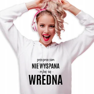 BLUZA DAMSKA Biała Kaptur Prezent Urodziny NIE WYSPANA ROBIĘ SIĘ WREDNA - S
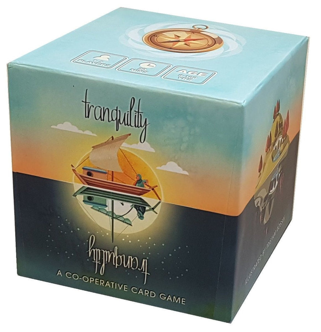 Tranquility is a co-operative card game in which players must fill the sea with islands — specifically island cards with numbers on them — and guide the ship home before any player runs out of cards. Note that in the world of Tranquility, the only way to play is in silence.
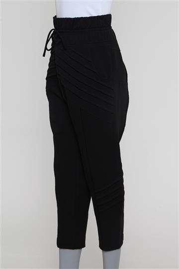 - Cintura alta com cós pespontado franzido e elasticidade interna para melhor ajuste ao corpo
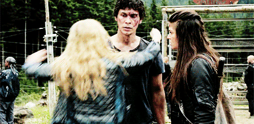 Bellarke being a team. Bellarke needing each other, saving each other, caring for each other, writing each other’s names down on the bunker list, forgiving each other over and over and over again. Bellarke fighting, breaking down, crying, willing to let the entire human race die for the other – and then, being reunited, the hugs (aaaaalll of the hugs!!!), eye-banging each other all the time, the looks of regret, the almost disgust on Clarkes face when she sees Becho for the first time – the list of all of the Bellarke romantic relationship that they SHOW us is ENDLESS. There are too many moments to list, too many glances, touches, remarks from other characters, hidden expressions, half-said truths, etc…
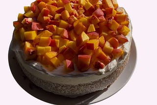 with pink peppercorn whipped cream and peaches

# Exercise details
Within the material above, only the stretch from the line holding "Tranquility is a" through the line holding "Bellarke being a" is to be restated exactly. Pictures are dropped.

# Result
 Tranquility is a co-operative card game in which players must fill the sea with islands — specifically island cards with numbers on them — and guide the ship home before any player runs out of cards. Note that in the world of Tranquility, the only way to play is in silence.
 - Cintura alta com cós pespontado franzido e elasticidade interna para melhor ajuste ao corpo
 Bellarke being a team. Bellarke needing each other, saving each other, caring for each other, writing each other’s names down on the bunker list, forgiving each other over and over and over again. Bellarke fighting, breaking down, crying, willing to let the entire human race die for the other – and then, being reunited, the hugs (aaaaalll of the hugs!!!), eye-banging each other all the time, the looks of regret, the almost disgust on Clarkes face when she sees Becho for the first time – the list of all of the Bellarke romantic relationship that they SHOW us is ENDLESS. There are too many moments to list, too many glances, touches, remarks from other characters, hidden expressions, half-said truths, etc…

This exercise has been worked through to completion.